» DATASET RECORDS:
■ ■ ■ ■
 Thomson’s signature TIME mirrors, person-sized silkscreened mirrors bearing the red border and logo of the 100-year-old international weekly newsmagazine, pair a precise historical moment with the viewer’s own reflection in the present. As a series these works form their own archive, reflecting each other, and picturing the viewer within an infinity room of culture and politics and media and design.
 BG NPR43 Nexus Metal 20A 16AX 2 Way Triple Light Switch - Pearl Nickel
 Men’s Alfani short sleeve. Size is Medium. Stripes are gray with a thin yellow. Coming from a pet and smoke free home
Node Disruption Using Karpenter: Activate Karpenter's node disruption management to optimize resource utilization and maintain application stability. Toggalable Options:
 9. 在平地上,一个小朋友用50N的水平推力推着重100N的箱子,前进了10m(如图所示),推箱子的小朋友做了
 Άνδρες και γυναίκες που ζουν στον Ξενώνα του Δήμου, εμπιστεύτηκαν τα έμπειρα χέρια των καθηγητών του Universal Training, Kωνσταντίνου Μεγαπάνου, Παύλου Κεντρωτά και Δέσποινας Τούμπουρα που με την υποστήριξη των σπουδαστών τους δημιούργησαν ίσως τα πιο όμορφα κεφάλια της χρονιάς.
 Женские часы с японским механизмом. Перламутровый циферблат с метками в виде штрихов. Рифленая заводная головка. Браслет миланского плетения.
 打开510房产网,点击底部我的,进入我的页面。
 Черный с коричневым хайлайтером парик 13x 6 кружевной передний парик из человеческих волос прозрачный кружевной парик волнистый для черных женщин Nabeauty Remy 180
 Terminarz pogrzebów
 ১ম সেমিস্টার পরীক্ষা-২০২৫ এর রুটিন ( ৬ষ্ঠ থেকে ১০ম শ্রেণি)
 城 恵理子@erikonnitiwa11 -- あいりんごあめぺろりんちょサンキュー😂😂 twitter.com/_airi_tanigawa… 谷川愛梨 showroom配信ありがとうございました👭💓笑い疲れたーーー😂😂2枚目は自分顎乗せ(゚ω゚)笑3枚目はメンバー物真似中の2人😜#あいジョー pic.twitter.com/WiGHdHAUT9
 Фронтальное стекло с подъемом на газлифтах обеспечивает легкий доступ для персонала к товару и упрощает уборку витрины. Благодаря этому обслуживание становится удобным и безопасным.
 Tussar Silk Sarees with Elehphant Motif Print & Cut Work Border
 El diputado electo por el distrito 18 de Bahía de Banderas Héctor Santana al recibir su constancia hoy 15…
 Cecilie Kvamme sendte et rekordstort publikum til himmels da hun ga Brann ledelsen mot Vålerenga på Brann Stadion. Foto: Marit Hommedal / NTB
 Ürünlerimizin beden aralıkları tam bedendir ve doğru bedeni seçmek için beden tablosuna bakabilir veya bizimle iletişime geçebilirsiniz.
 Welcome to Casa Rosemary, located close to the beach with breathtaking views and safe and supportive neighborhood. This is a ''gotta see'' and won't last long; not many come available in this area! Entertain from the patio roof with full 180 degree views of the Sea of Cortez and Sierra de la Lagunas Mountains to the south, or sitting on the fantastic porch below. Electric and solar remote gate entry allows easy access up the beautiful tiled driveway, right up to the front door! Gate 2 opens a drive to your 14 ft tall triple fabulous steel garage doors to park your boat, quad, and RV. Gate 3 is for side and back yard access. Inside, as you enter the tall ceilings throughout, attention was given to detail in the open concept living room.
■ ■ ■ ■
» TRY IT: Above is a listing; print exactly its lines from the one with "Tussar Silk Sarees" through the one with "Ürünlerimizin beden aralıkları", and no other lines.

» SOLUTION FOR THIS TASK:
 Tussar Silk Sarees with Elehphant Motif Print & Cut Work Border
 El diputado electo por el distrito 18 de Bahía de Banderas Héctor Santana al recibir su constancia hoy 15…
 Cecilie Kvamme sendte et rekordstort publikum til himmels da hun ga Brann ledelsen mot Vålerenga på Brann Stadion. Foto: Marit Hommedal / NTB
 Ürünlerimizin beden aralıkları tam bedendir ve doğru bedeni seçmek için beden tablosuna bakabilir veya bizimle iletişime geçebilirsiniz.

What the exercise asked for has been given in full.